What you have to do:
In your copy of the records, include every word exactly and no pictures.

Input data:
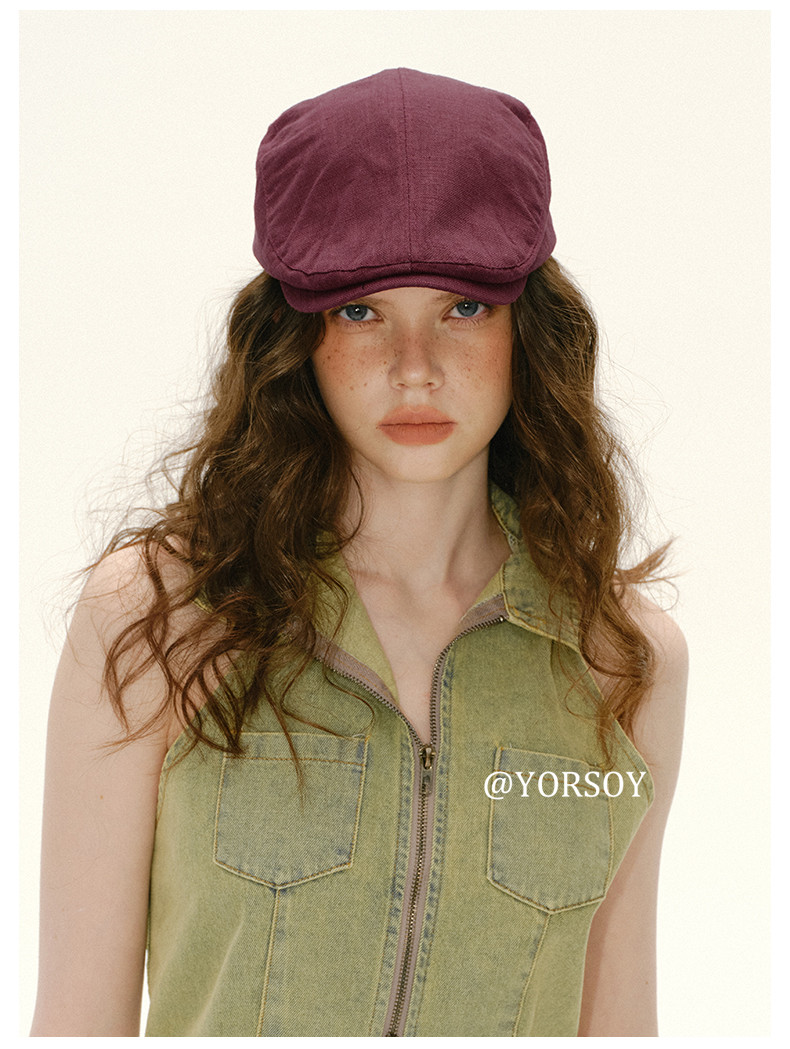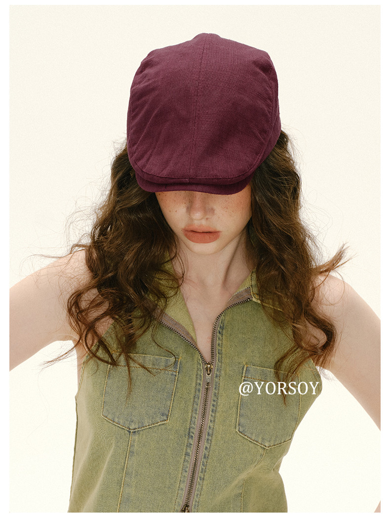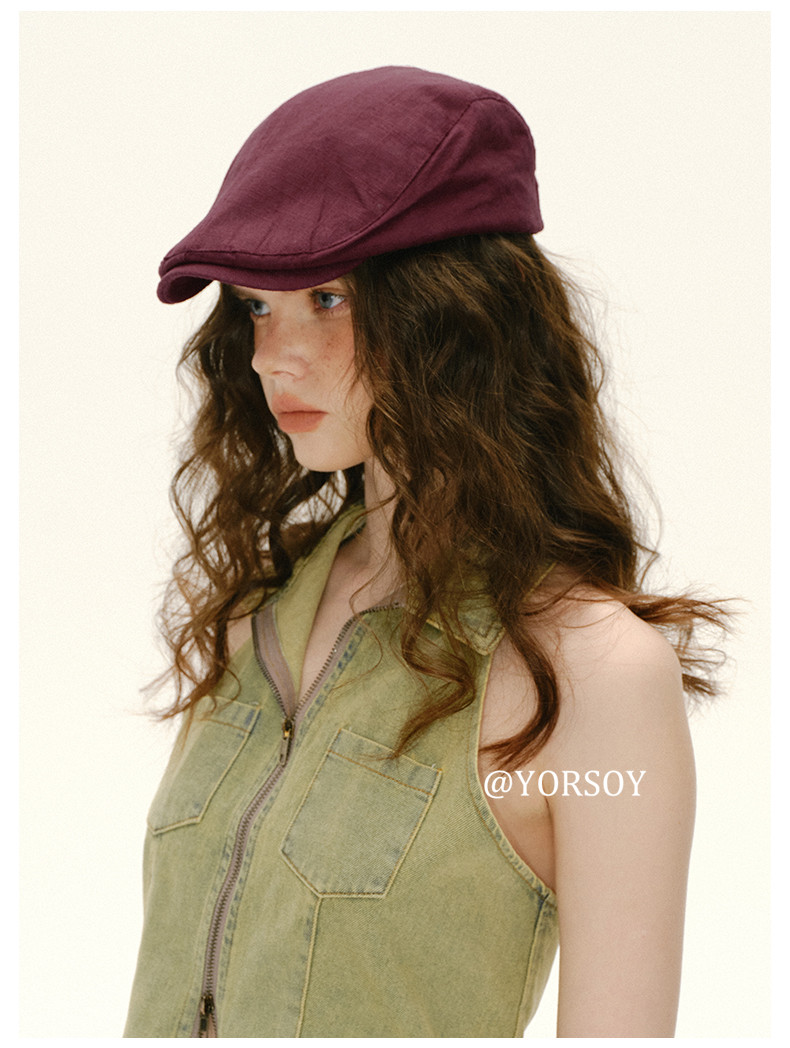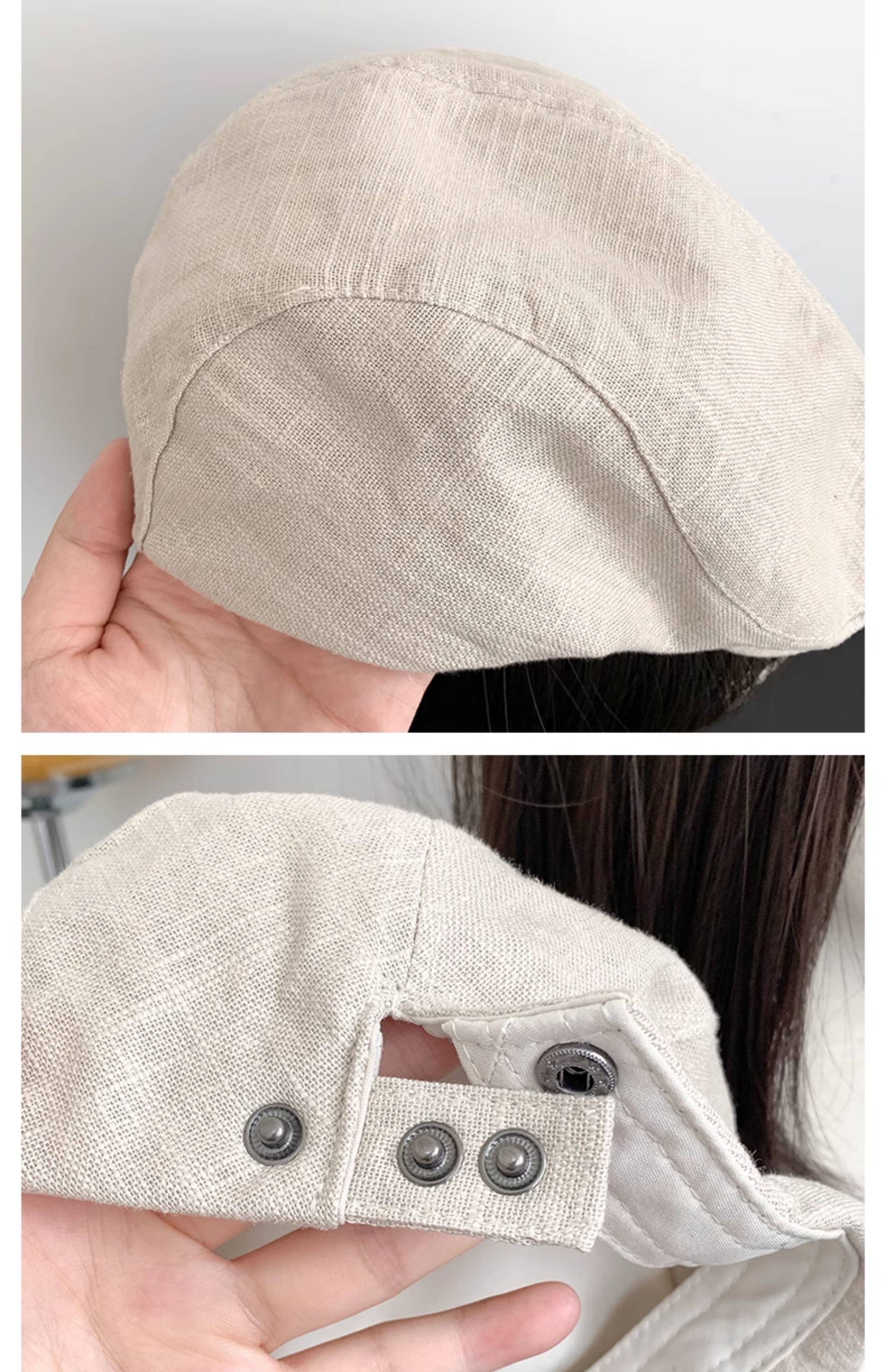 Retro White-Red Peaked Cap for Women, Summer Thin Cotton and Linen Street Newsboy Cap, Large Head Beret
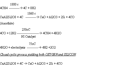 The silicon film is a proprietary process, and only a very general process is designed. (what is the reference??) The generic process consists of ceramic formation, metallurgical barrier formation, polycrystalline layer deposition, emitter diffusion and contact fabrication. The conductive ceramic substrate is fabricated from selected low-cost materials. The metallurgical barrier prevents the substrate impurities from entering and contaminating the active thin silicon layer. The randomly textured and highly reflecting metallurgical barrier improves light trapping. A suitable p- type doped 30 - 100micro-cm active layer is deposited from a liquid solution. Phosphorus and aluminum impurity gathering are used for bulk quality improvement. Cells with large areas of 240, 300 and 700 cm2 are developed. A cell with an area of 675 cm2 has demonstrated the record efficiency of 11.6 - 17.7%. The waste products present in the lunar surface are silicon, iron, TiO2, etc. These products can be used as raw materials for solar cell fabrication. A special compound called anorthite is used for extracting the above said components. Carbothermal reduction of anorthite,
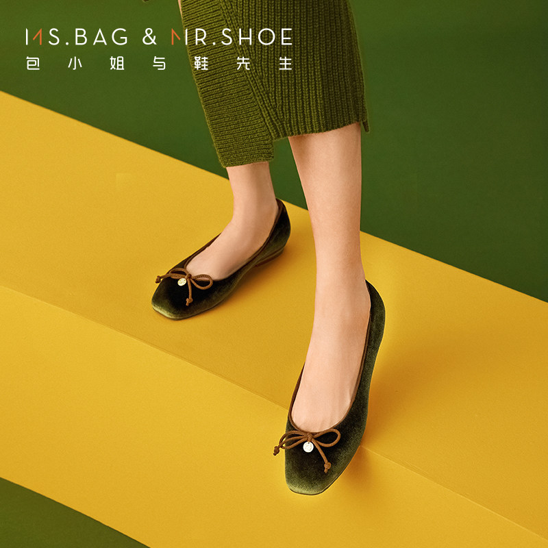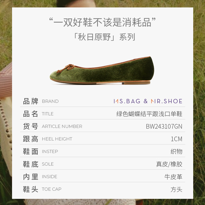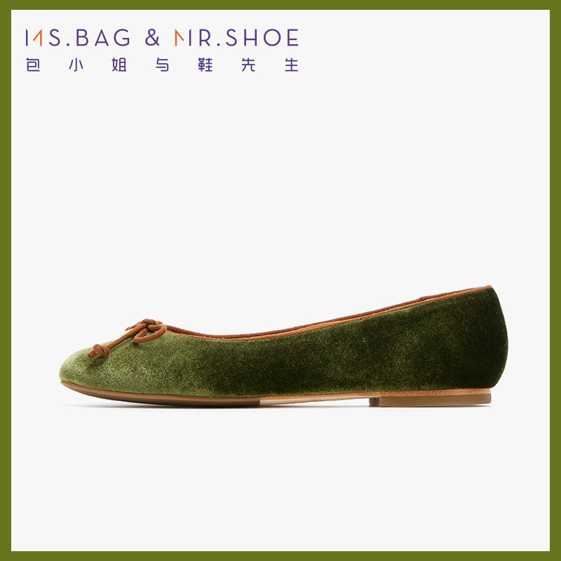 包小姐与鞋先生秋季绿色蝴蝶结平跟浅口单鞋女243107
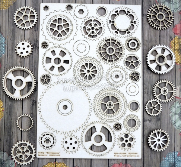 Чипборд выполнен из пивного картона белого цвета толщиной 1,15 мм. Набор шестеренок из 35 элементов 14х21 см. Размер наименьшего элемента: 10х10 мм.Размер наибольшего элемента: 70х70 мм
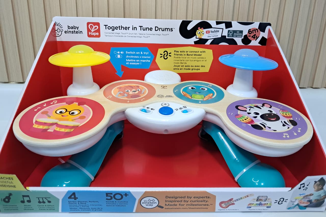 Este encantador set de batería Montessori está diseñado especialmente para manos pequeñitas. Con colores llamativos, superficies táctiles y sonidos suaves, ayuda a desarrollar la coordinación, el ritmo y la motricidad fina mientras el bebé explora libremente.

Written answer:
 Retro White-Red Peaked Cap for Women, Summer Thin Cotton and Linen Street Newsboy Cap, Large Head Beret
 The silicon film is a proprietary process, and only a very general process is designed. (what is the reference??) The generic process consists of ceramic formation, metallurgical barrier formation, polycrystalline layer deposition, emitter diffusion and contact fabrication. The conductive ceramic substrate is fabricated from selected low-cost materials. The metallurgical barrier prevents the substrate impurities from entering and contaminating the active thin silicon layer. The randomly textured and highly reflecting metallurgical barrier improves light trapping. A suitable p- type doped 30 - 100micro-cm active layer is deposited from a liquid solution. Phosphorus and aluminum impurity gathering are used for bulk quality improvement. Cells with large areas of 240, 300 and 700 cm2 are developed. A cell with an area of 675 cm2 has demonstrated the record efficiency of 11.6 - 17.7%. The waste products present in the lunar surface are silicon, iron, TiO2, etc. These products can be used as raw materials for solar cell fabrication. A special compound called anorthite is used for extracting the above said components. Carbothermal reduction of anorthite,
 包小姐与鞋先生秋季绿色蝴蝶结平跟浅口单鞋女243107
 Чипборд выполнен из пивного картона белого цвета толщиной 1,15 мм. Набор шестеренок из 35 элементов 14х21 см. Размер наименьшего элемента: 10х10 мм.Размер наибольшего элемента: 70х70 мм
 Este encantador set de batería Montessori está diseñado especialmente para manos pequeñitas. Con colores llamativos, superficies táctiles y sonidos suaves, ayuda a desarrollar la coordinación, el ritmo y la motricidad fina mientras el bebé explora libremente.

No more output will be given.